Second, I started making lists of all the things I thought might help my present situation, and all the things I thought I might like to do next.
Uncensored.
Anything that sounded good, and more importantly
felt
good, like deep down in my heart and in my gut. If I got that sort of visceral reaction to it, I wrote it down. Then I started believing it was entirely possible I could do any of it, maybe even all of it. Oh, not in a realistic thought-out-and-planned sort of way, but in a I-think-I'll-just-go-do-that sort of way. For a short time I was completely convinced I was going to get my own travel show (like Samantha Brown, who I watched incessantly) on the Travel Channel. Yep, that seemed a completely viable life change.

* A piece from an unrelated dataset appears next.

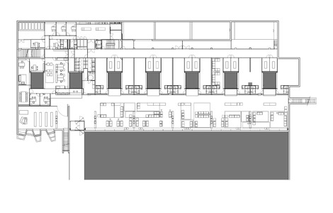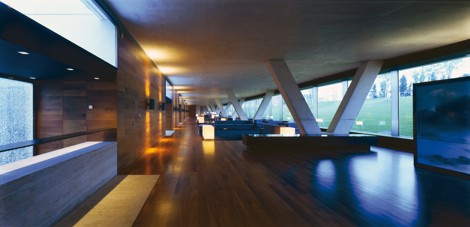 Situado delante de una gran zona verde, demasiado cerca de un barrio residencial, el edificio se entierra bajo un estanque de agua para integrarse en el entorno natural y facilitar su relación con las viviendas vecinas.

I went ice climbing frozen waterfalls, rock climbing, ran a 1/2 marathon, and I started to get rid of just about everything I owned and put my house on the market. I started meeting new people, reaching out even when inside I was caving in; even when my heart was broken. I met the love of my life at a hockey game one night. I was crushingly sad and had no energy that night, but I made myself go out to be in the energy and activity of other people, and to keep myself from imploding. I ended up randomly sitting next to him, and simply the quality of his energy, something in his very presence, was a comfort to me. A few months later we were dating, and it has been the relationship I longed for all my life.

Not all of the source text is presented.